Speed of direct calls vs interfaces vs delegates vs virtuals

I've gotten a couple of follow-up questions on my column on dynamic dispatch asking why there are differences between direct calls, interface calls, virtual calls,  and delegate calls.

I'm not Jan or Rico, who know a lot more about these topics than I do (hint hint - ask them through their blog pages if I don't answer your question) but I can give you the big picture.

Consider the following code:

 interface IProcessor
{
    void Process();
}
class Processor: IProcessor
{
    public void Process()
    {
    }
}

If I write something like:

Processor p = new Processor();
p.Process();

The compiler will emit code that tightly binds to Processor.Process(). In other words, the only function that could be called is that function.

That means that the JIT can easily inline the function call, eliminating the function call overhead totally. A discussion of when the JIT will and won't inline is beyond the scope of this post, but suffice it to say that functions below a given size will be inlined, subject to some constraints.

A brief aside: Even though C# is doing a direct call, you'll find that it's using the callvirt (ie virtual call) to do it. It does this because callvirt has a built-in null check, which means you get an exception on the invocation, rather than on the dereference inside the function.

Anyway, the direct call can easily be inlined, which is very good from a speed perspective.

But what if I have code like this:

class D
{
    public void Dispatch(IProcessor processor)
    {
        processor.Process();
    }
}

Processor p = new Processor();
D d = new D();
d.Dispatch(p);

In the calling code, we know that the function could only be Processor.Process(), but in the Dispatch() function, all the compiler knows is that it has an IProcessor reference, which could be pointing to any instance of an type that implementes IProcessor.

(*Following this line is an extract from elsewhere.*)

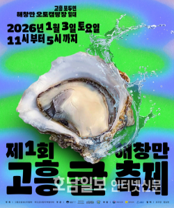고흥군은 내년 1월 3일 오전 11시부터 오후 5시까지 포두면 해창만 오토캠핑장 일대에서 ‘2026 제1회 해창만 고흥 굴 축제’를 처음으로 개최한다고 밝혔다.

There is therefore no way for the JIT to inline this call - the fact that there is a level of indirection in interfaces prevents it. That's the source of the slowdown.

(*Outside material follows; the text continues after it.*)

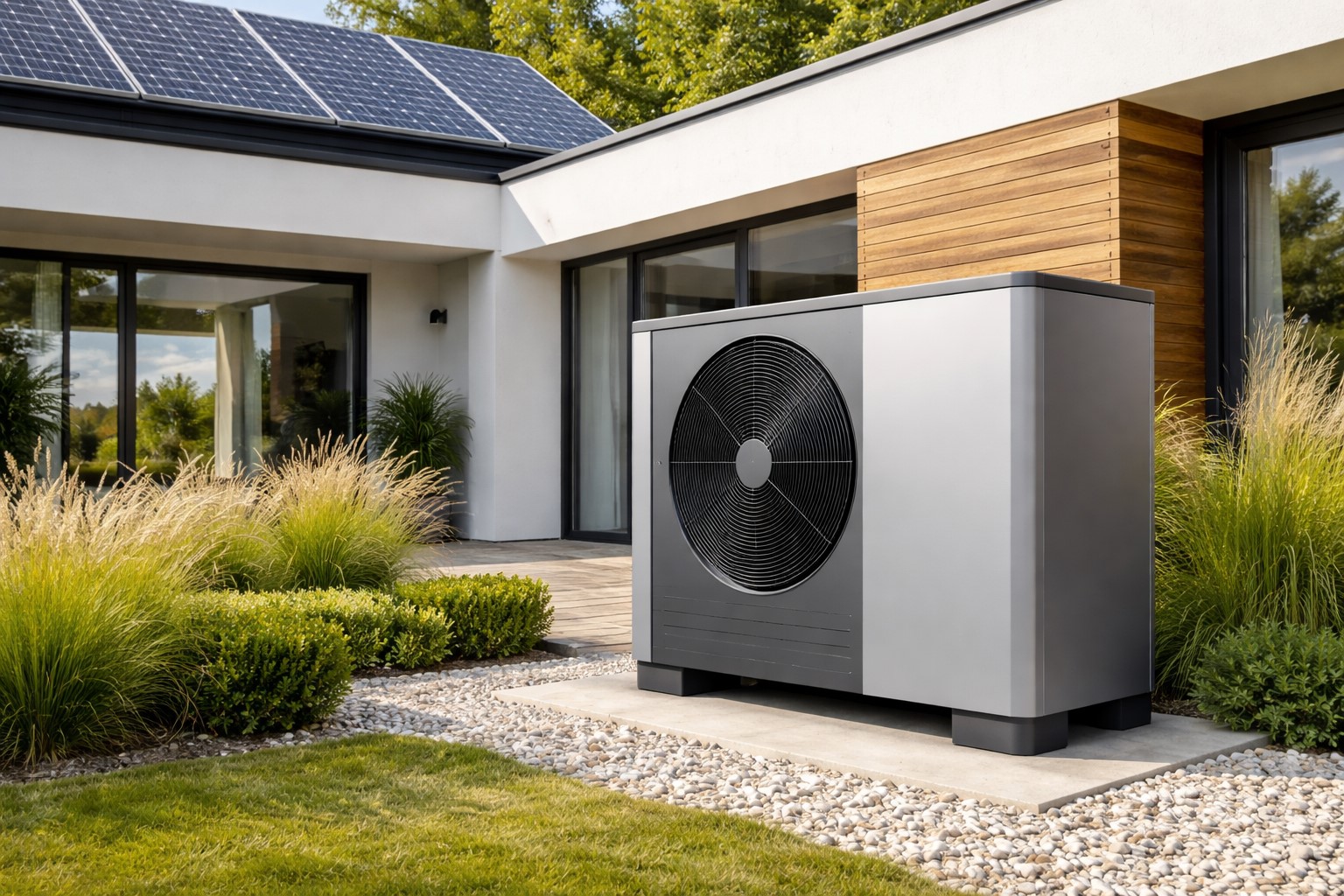 Pompy ciepła doskonale współpracują z instalacjami fotowoltaicznymi. Połączenie tych technologii pozwala na:

Virtual functions present a similar case. Like interfaces, there's a level of indirection, and the compiler can't know what type it will really get (ok, perhaps it can, but I'll cover that later.

Delegates also have a level of indirection. In the first release of .NET, our implementation of delegates wasn't as optimal as it was, and had additional overhead above the non-inlineable overhead. In Whidbey, that overhead is gone, and my tests (don't trust my tests) show that it's about as fast as interfaces, which is pretty much what one would expect.

My guess is that it was schedule pressures in V1 that kept us from providing the optimized version, but it's also possible that we didn't think deeply enough about the problem initially.

So, back to virtual functions.

You'd like to be able to inline virtuals, but it's a difficult problem. You could conceivably do a whole-program static analysis and know that a given call didn't have to be virtual, and therefore be able to inline it.

That is, assuming you knew that the set of types was static, which isn't the case in environments where you can dynamically load code at runtime.

A JIT by a celestially-named company has an interesting technique to get around the problem there being indirection in virtuals. It inlines virtual functions that don't require virtual dispatch, and then tracks whether it needs to change that decision later on (using the aptly named “Dynamic deoptimization“).

Inlining virtuals is more important in their environment because all the functions are virtual by default, which means you have a ton of virtual functions that don't need to be. That's less of an issue in .NET because virtual happens less often.

I think that about covers it, and I got through the whole post without mentioning Java once (Oh, what a giveaway!)

[Update: Shane comments that you should be able to inline the interface call because you know what type it is called on. This would be somewhat difficult to do. You could have a base pointer to a derived class (for example), which would mean you didn't know the real type, or you could have dynamic code. Even if this wasn't the case, the JIT would have to do several levels of tracing analysis]

 

 

 

In a case like this, that would be possible, but in a general case, the JIT would have to trace from the point where it knew the type down multiple levels to be able to do the analysis, and there are certainly cases where the JIT couldn't know the true type]